(Task prompt) Give the number of lines below that hold the string "with", and nothing more.

BEGIN Exercise materials

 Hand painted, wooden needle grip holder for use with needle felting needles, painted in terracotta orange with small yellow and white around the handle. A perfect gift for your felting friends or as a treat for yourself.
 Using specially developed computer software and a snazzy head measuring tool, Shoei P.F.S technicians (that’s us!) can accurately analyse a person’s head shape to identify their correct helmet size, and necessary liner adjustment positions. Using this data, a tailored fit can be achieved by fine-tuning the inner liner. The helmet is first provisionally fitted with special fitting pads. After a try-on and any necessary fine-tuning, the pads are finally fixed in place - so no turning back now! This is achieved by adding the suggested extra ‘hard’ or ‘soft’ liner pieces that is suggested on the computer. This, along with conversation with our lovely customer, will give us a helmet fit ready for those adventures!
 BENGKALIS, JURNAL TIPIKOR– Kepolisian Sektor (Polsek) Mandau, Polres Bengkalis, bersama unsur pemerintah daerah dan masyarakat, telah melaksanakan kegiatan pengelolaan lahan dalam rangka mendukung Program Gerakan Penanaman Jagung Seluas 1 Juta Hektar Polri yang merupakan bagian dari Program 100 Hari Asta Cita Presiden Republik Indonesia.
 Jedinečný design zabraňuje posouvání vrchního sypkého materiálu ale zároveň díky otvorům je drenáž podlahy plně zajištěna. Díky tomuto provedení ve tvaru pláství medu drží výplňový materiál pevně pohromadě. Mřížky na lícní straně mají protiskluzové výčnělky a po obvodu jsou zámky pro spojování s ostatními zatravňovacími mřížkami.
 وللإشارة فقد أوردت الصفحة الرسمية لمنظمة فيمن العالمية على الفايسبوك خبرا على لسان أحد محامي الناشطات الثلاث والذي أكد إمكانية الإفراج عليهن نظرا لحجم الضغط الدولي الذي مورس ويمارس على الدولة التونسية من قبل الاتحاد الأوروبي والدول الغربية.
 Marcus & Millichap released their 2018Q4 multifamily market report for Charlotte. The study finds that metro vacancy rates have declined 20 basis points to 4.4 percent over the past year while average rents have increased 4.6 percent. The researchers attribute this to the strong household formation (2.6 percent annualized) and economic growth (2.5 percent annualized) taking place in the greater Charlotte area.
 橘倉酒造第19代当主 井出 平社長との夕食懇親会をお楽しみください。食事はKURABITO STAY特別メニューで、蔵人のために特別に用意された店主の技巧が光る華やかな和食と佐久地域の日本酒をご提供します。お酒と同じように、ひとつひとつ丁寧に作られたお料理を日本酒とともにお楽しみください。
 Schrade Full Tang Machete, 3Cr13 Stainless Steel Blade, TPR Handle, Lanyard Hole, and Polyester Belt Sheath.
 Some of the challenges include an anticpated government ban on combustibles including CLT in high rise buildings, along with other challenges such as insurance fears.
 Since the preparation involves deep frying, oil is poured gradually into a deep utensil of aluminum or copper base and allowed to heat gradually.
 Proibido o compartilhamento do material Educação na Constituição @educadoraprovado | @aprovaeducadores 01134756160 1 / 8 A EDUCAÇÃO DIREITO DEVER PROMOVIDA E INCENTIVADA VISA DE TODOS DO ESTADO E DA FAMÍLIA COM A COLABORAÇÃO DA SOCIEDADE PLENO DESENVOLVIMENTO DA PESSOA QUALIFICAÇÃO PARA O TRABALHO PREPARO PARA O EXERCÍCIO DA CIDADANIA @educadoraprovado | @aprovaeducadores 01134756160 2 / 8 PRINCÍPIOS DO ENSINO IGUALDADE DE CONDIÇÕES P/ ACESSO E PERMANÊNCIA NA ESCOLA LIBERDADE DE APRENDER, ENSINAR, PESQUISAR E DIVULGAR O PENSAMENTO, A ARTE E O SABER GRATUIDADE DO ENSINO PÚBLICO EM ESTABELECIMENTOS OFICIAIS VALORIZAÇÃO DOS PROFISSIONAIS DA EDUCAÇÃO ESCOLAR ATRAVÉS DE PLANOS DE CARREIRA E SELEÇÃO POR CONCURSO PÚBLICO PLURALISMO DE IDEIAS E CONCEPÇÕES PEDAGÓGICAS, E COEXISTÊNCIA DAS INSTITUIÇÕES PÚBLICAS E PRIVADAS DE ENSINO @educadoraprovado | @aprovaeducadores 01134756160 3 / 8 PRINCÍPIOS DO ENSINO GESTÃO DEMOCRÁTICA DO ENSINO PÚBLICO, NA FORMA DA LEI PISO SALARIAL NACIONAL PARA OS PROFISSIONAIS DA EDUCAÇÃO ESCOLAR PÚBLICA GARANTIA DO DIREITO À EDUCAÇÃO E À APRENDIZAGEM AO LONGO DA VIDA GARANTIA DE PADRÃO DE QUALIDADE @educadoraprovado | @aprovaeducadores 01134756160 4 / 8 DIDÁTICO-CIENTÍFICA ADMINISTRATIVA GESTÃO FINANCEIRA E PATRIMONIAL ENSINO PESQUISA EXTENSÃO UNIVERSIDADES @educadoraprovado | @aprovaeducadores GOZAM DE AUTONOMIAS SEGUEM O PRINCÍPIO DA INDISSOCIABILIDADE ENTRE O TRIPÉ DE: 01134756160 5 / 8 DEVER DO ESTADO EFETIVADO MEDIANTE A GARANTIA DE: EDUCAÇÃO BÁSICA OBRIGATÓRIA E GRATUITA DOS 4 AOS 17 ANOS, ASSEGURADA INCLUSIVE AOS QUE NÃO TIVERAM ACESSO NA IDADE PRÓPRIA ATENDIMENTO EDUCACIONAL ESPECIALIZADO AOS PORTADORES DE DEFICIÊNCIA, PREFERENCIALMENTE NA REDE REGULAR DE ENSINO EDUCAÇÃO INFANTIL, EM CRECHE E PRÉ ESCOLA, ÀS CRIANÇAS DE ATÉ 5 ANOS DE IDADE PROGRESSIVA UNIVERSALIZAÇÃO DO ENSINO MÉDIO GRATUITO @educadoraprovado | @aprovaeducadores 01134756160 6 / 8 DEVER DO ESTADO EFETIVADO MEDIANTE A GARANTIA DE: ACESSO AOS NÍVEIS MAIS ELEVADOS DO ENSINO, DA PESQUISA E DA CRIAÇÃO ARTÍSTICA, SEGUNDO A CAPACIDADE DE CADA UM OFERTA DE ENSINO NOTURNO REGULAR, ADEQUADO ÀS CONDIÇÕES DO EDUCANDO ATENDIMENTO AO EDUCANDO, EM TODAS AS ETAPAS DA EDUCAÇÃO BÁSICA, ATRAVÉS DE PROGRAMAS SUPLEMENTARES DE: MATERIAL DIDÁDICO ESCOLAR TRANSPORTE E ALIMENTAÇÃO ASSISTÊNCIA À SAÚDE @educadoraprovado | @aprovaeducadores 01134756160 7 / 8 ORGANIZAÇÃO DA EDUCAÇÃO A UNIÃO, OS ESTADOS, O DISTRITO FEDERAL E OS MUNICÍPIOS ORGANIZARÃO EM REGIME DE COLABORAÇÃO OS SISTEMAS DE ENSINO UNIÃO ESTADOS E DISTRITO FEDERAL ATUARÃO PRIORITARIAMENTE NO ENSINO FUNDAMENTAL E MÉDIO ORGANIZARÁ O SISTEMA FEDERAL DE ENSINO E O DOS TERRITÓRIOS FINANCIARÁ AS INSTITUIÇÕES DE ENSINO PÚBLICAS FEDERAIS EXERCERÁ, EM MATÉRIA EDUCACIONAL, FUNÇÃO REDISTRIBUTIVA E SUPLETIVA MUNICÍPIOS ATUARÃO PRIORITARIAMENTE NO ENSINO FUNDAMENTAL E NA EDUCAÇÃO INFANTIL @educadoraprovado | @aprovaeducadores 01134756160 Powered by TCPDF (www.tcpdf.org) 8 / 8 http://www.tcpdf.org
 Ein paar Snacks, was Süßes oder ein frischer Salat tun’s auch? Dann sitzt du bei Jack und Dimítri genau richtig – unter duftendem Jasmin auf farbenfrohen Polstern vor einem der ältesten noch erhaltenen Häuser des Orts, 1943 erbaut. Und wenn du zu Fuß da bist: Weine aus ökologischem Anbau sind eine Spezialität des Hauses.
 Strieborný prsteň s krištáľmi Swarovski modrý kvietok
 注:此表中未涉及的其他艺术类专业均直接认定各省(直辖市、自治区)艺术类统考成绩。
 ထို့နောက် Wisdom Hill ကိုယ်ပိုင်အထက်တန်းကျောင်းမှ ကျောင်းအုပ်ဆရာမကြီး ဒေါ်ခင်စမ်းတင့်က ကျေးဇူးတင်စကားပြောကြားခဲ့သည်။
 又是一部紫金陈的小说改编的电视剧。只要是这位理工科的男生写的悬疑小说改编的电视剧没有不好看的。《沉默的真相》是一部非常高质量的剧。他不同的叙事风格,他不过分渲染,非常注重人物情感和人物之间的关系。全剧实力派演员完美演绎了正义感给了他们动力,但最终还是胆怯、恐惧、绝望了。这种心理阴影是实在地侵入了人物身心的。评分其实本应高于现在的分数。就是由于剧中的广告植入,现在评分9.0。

END Exercise materials

(Written response) 3